**Extracted records:**
┌──
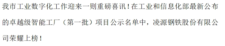 朝阳市首个!凌钢股份入选国家卓越级智能工厂公示名单
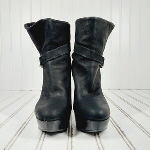 Nine West Midi Black Nubuck Leather Slouchy Pull On Platform Booties K277
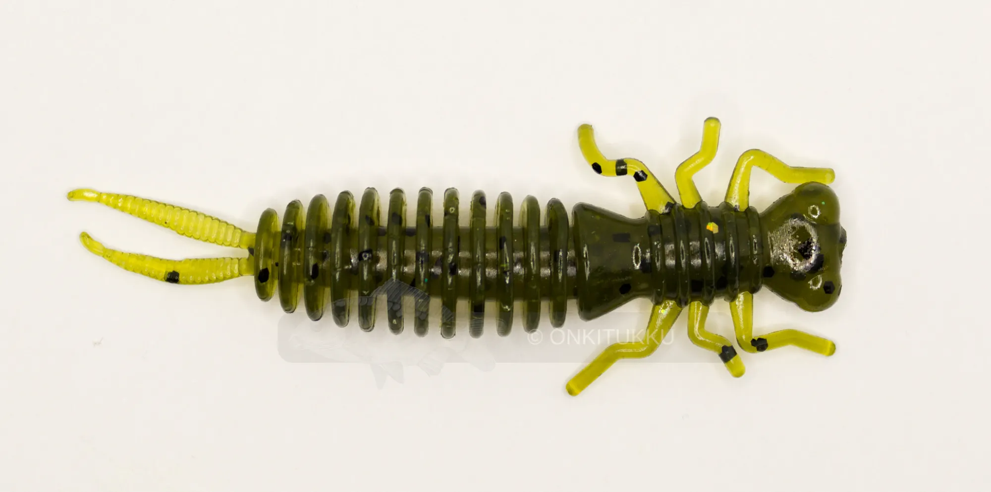 Läpikuultava vihreä uritettu ötökkäjigi mustilla hileillä.Pituus 6,5 cmMäärä 4 kpl
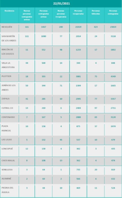 Además, se reportaron quinientas noventa (590) nuevas personas recuperadas de Coronavirus (COVID-19) de la provincia del Neuquén: 200 personas de Neuquén capital, 77 personas de San Martín de los Andes, 71 personas de Junín de los Andes, 48 personas de Rincón de los Sauces, 45 personas de Las Lajas, 22 personas de Plottier, 14 personas de Villa La Angostura, 13 personas de Chos Malal, 11 personas de San Patricio del Chañar, 10 personas de Piedra del Águila, 10 personas de Zapala, 9 personas de Tricao Malal, 8 personas de Las Ovejas, 8 personas de Barrancas, 6 personas de Cutral Co, 5 personas de Centenario, 5 personas de Andacollo, 4 personas de Villa El Chocón, 4 personas de Plaza Huincul, 4 personas de Loncopué, 3 personas de Mariano Moreno, 3 personas de El Huecú, 3 personas de Buta Ranquil, 2 personas de Aluminé, 1 persona de Coyuco-Cochico, 1 persona de Los Catutos, 1 persona de Añelo, 1 persona de Santo Tomás y 1 persona de Senillosa. Se trata de 299 mujeres y 291 varones, cuyas edades oscilan entre 1 mes y 94 años.
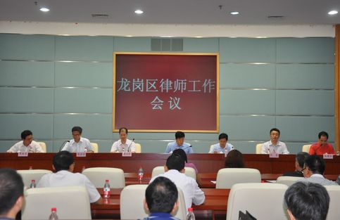 7 月17日 ,龙岗区律师工作会议在龙岗区司法局召开。龙岗区政府副区长华振强、龙岗区司法局局长江育良、副局长吴浚弘,深圳市司法局律师公证管理处处长李玉祥、市律协会长张勇、监事长张善华、市律协龙岗区工作委员会主任蔡春雷出席会议,市律协龙岗区工作委员会全体委员及龙岗区各律师所代表等近200名律师参加会议。会议由龙岗区司法局副局长吴浚弘主持。
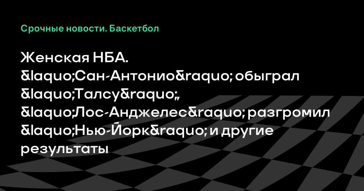 Женская НБА. «Сан-Антонио» обыграл «Талсу», «Лос-Анджелес» разгромил «Нью-Йорк» и другие результаты
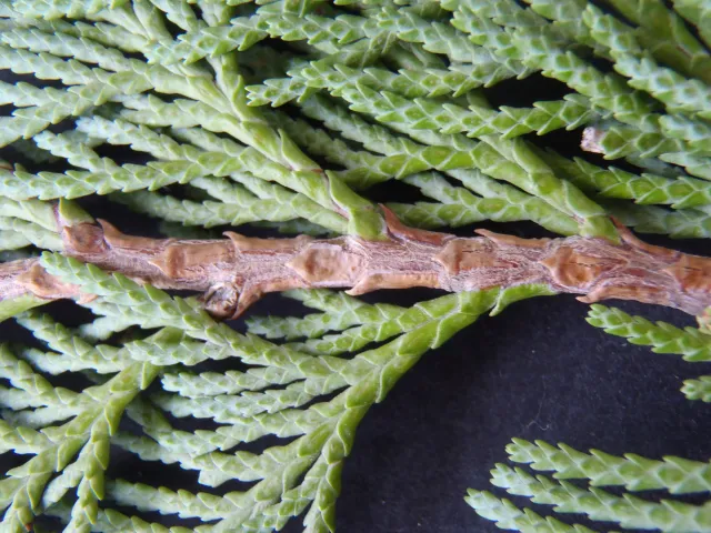 Blada på undersida av skotta hos lawsonsypress har ein bleik flekk ved grunnen.
└──
**Problem statement:** Drop the pictures and reproduce the rest of the data above exactly.

**Result:**
 朝阳市首个!凌钢股份入选国家卓越级智能工厂公示名单
 Nine West Midi Black Nubuck Leather Slouchy Pull On Platform Booties K277
 Läpikuultava vihreä uritettu ötökkäjigi mustilla hileillä.Pituus 6,5 cmMäärä 4 kpl
 Además, se reportaron quinientas noventa (590) nuevas personas recuperadas de Coronavirus (COVID-19) de la provincia del Neuquén: 200 personas de Neuquén capital, 77 personas de San Martín de los Andes, 71 personas de Junín de los Andes, 48 personas de Rincón de los Sauces, 45 personas de Las Lajas, 22 personas de Plottier, 14 personas de Villa La Angostura, 13 personas de Chos Malal, 11 personas de San Patricio del Chañar, 10 personas de Piedra del Águila, 10 personas de Zapala, 9 personas de Tricao Malal, 8 personas de Las Ovejas, 8 personas de Barrancas, 6 personas de Cutral Co, 5 personas de Centenario, 5 personas de Andacollo, 4 personas de Villa El Chocón, 4 personas de Plaza Huincul, 4 personas de Loncopué, 3 personas de Mariano Moreno, 3 personas de El Huecú, 3 personas de Buta Ranquil, 2 personas de Aluminé, 1 persona de Coyuco-Cochico, 1 persona de Los Catutos, 1 persona de Añelo, 1 persona de Santo Tomás y 1 persona de Senillosa. Se trata de 299 mujeres y 291 varones, cuyas edades oscilan entre 1 mes y 94 años.
 7 月17日 ,龙岗区律师工作会议在龙岗区司法局召开。龙岗区政府副区长华振强、龙岗区司法局局长江育良、副局长吴浚弘,深圳市司法局律师公证管理处处长李玉祥、市律协会长张勇、监事长张善华、市律协龙岗区工作委员会主任蔡春雷出席会议,市律协龙岗区工作委员会全体委员及龙岗区各律师所代表等近200名律师参加会议。会议由龙岗区司法局副局长吴浚弘主持。
 Женская НБА. «Сан-Антонио» обыграл «Талсу», «Лос-Анджелес» разгромил «Нью-Йорк» и другие результаты
 Blada på undersida av skotta hos lawsonsypress har ein bleik flekk ved grunnen.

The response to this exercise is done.